Slides: PowerPoint (.pptx)
Run-ahead transfer prediction in the Mill CPU architecture
Programs frequently execute only a handful of operations between transfers of control: branches, calls, and returns. Yet modern wide-issue VLIW and superscalar CPUs can issue similar handfuls of operations every cycle, so the hardware must be able to change to a new point of execution each cycle if performance is not to suffer from stalls. Changing the point of execution requires determining the new execution address, fetching instructions at that address from the memory hierarchy, decoding the instructions, and issuing them—steps that can take tens of cycles on modern out-of-order machines. Without hardware help, a machine could take 20 cycles to transfer, for just one cycle of actual work.
The branch predictor hardware in conventional out-of-order processors does help a lot. It attempts to predict the taken vs. untaken state of conditional branches based on historical behavior of the same branch in earlier executions. Modern predictors achieve 95% accuracy, and large instruction-decode windows can hide top-level cache latency. Together these effects are sufficient for programs like benchmarks that are regular and small. However, on real-world problems today’s CPUs can spend a third or more of their cycles stalled for instructions.

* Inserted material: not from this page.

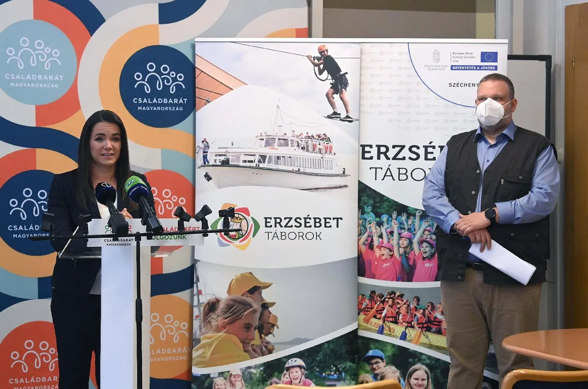 Novák Katalin azt mondta: tavaly a koronavírus-járvány miatt csak a napközis táborokban vehettek részt a gyerekek, idén viszont az oltás tömegessé válásának köszönhetően az ottalvós táborok is biztonságosan megszervezhetőek.

The Mill uses a novel prediction mechanism to avoid these problems; it predicts transfers rather than branches. It can do so for all code, including code that has not yet ever been executed, running well ahead of execution so as to mask all cache latency and most memory latency. It needs no area- and power-hungry instruction window, using instead a very short decode pipeline and direct in-order issue and execution. It can use all present and future prediction algorithms, with the same accuracy as any other processor. On those occasions in which prediction is in error, the mispredict penalty is four cycles, a quarter that of superscalar designs. As a result, code stall is a rarity on a Mill, even on large programs with irregular control flow.
The talk describes the prediction mechanism of the Mill and compares it with the conventional approach.
Speaker bio
Ivan Godard has designed, implemented or led the teams for 11 compilers for a variety of languages and targets, an operating system, an object-oriented database, and four instruction set architectures. He participated in the revision of Algol68 and is mentioned in its Report, was on the Green team that won the Ada language competition, designed the Mary family of system implementation languages, and was founding editor of the Machine Oriented Languages Bulletin. He is a Member Emeritus of IFIPS Working Group 2.4 (Implementation languages) and was a member of the committee that produced the IEEE and ISO floating-point standard 754-2011.
Ivan is currently CTO at Mill Computing, a startup now emerging from stealth mode. Mill Computing has developed the Mill, a clean-sheet rethink of general-purpose CPU architectures. The Mill is the subject of this talk.